D’altronde Davide Combusti, che ha 30 anni, è un figlio d’arte e dal padre batterista ha preso la voglia di andare avanti a testa bassa anche se all’inizio i risultati non erano da feste e brindisi. Tutt’altro. «Lui suonava nei Centauri, band che negli anni 60 e 70 ha accompagnato dal vivo Orietta Berti ed Edoardo Vianello. Ma poi ha appeso le bacchette al chiodo e ha iniziato a fare l’operaio». Ora in famiglia è Davide a fare il professionista della musica ed eccolo qui. A gennaio ha pubblicato un mini cd con quattro brani e ad aprile è uscito il suo primo cd omonimo, che viaggia bene in classifica. La sua svolta è stato il concerto dei Deep Purple nel 2006. «Solo la sera prima mi hanno invitato a fare da supporto a questa storica band. Io non mi sono tirato indietro ma dentro di me pensavo: “e io che c’entro con il rock duro?”, Quando sono salito sul palco davanti a tutti quei metallari, solo io con la mia chitarra esattamente come farò alla Fnac, mi sono detto: “hai voluto la bicicletta, adesso pedala”». Risultato: molti fischi ma anche applausi sorprendenti: «All’inizio tutti mi contestavano, poi hanno cambiato idea. Quel concerto - dice ora The Niro - mi ha aperto le porte di tutti i club romani». La testardaggine paga.
E ora The Niro è il cocco della critica musicale italiana grazie a uno stile che mescola la canzone d’autore con tracce lo-fi e folk in una soluzione personalissima e godibile. «Non pensavo di poter avere un mercato in Italia, io. Ho sempre avuto come obiettivo i Paesi anglosassoni».
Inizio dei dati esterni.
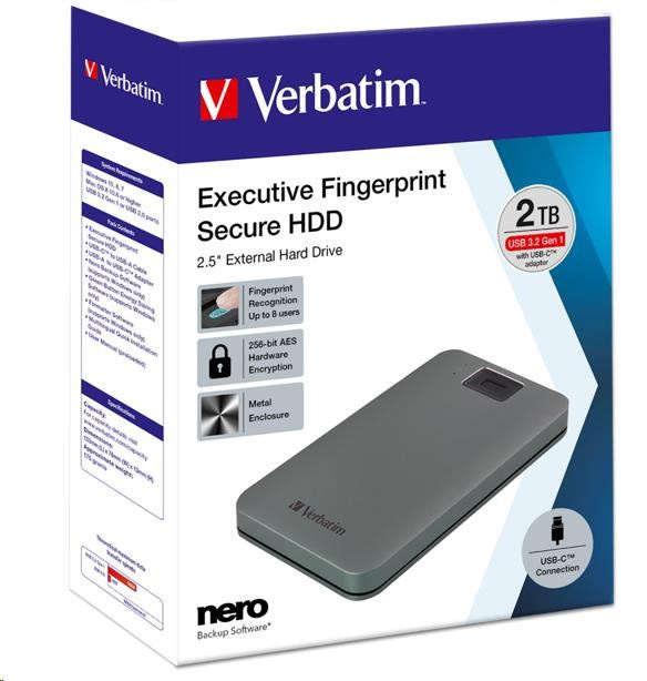 VERBATIM externý HDD 2.5" 1TB, Executive Fingerprint Secure, USB 3.2 Gen 1 / USB-C, sivá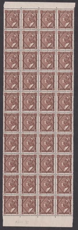 1935 3d Wahine chocolate block of 40, single wmk, p14 x 13½ (4 complete vert columns of 10 with sheet selvedge at top & bottom). Folded between rows 5 & 6. Fine. CP L6a. Cat $3200. MUH. Ex K Moir.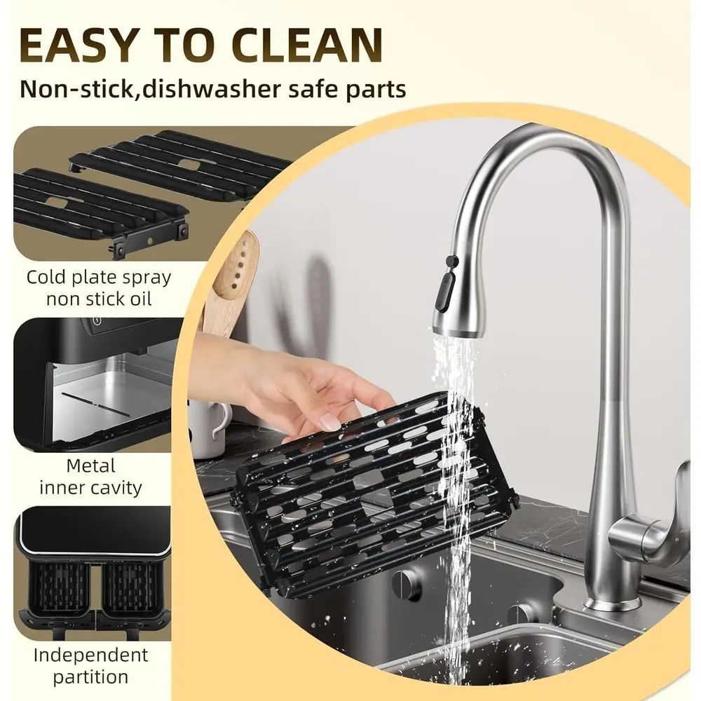 This dual-basket air fryer offers a total capacity of 8.5 quarts, with each basket holding 4.2 quarts, making it ideal for family-sized meals. The separate baskets enable you to cook two different dishes at the same time, conserving time and energy for other activities.

E sarà per questo che lui ha suonato anche a Londra (con Carmen Consoli) e pure negli Stati Uniti - prima Boston e poi New York - ricevendo ovunque la sua bella dose di applausi. «Ho sempre voglia di osare», butta lì con un sorriso. E poi riassume: «Vivo per la musica, il mio coraggio viene dalla voglia di sperimentare nuovi suoni». Avercene, insomma, di artisti così.